By analyzing radiotherapy treatment plans with target areas located in different locations, including tumors near bones such as bone metastasis, we preliminarily verified the feasibility of using VNC images for photon dose calculation. This approach can effectively improve clinical workflow and reduce the image dose to patients.
在传统的计算机断层扫描(CT)模拟过程中,患者需要在注射碘造影剂前后进行CT扫描,导致工作流程繁琐且增加了成像剂量。对比增强光谱CT可以在一次扫描中合成真正的对比增强(TCE)图像和虚拟平扫(VNC)图像,而不会出现几何错位。为了提高工作效率并降低患者的成像剂量,我们以真正的平扫(TNC)图像为参考,研究了使用VNC图像进行放射治疗计划的可行性,并探讨了其与使用TCE图像相比的剂量学优势。具体而言,本研究检查了靠近骨骼的肿瘤,包括骨转移和骨髓瘤病例。
回顾性纳入2023年7月至2024年3月期间接受非增强和对比增强光谱CT模拟的54例患者(20例宫颈癌患者、15例食管癌患者、15例喉癌患者以及4例骨转移或髋关节置换患者)。该研究经机构审查委员会批准。使用第二代快速千伏峰值切换CT获取CT图像。使用TNC图像优化并计算光子放射治疗的治疗计划,并基于TCE和VNC图像重新计算。为了评估图像和剂量学等效性,比较了几个指标,包括亨氏单位(HU)值差异、γ通过率以及计划靶区(PTV)和危及器官(OARs)的剂量体积直方图(DVH)参数。
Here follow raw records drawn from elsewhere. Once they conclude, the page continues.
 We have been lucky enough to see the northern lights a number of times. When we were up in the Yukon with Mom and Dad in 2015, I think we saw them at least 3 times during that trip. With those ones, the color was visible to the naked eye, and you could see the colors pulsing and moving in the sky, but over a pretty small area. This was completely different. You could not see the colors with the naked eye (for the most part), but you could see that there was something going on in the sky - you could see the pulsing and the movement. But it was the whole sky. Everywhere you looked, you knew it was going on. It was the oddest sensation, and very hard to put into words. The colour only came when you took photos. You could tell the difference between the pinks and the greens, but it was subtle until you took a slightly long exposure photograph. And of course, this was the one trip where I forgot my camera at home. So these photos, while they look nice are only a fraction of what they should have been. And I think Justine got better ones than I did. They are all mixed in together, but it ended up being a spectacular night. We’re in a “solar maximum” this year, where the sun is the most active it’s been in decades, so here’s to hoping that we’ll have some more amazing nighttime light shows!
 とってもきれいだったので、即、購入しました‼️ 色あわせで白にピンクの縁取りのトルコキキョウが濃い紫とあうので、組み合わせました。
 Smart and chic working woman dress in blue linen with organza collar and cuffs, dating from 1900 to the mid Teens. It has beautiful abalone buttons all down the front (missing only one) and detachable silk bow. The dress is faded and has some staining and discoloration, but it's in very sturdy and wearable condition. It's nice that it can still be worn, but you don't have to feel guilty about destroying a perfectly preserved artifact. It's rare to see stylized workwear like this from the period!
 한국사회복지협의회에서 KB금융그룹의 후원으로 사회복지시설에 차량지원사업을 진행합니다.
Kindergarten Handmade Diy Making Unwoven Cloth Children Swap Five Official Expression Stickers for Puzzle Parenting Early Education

在HU值差异方面,对于大多数患者,TCE与TNC图像之间PTV的HU值差异(食管癌和喉癌分别为36.7±23.9和27.8±2.1)大于VNC与TNC图像之间的差异(食管癌和喉癌分别为10.59±25.8和3.55±1.9)。在剂量学方面,VNC与TNC之间在2%/2mm和3%/3mm时的γ通过率为1。VNC与TNC计划之间以及TCE与TNC计划之间的大多数DVH参数差异小于1%。同时,在一些血供丰富的OARs中,如心脏和小肠,基于具有统计学意义的DVH参数差异,VNC与TCE相比显示出剂量学潜力。
通过分析靶区位于不同位置(包括骨转移等靠近骨骼的肿瘤)的放射治疗计划,我们初步验证了使用VNC图像进行光子剂量计算的可行性。这种方法可以有效改善临床工作流程并降低患者的图像剂量。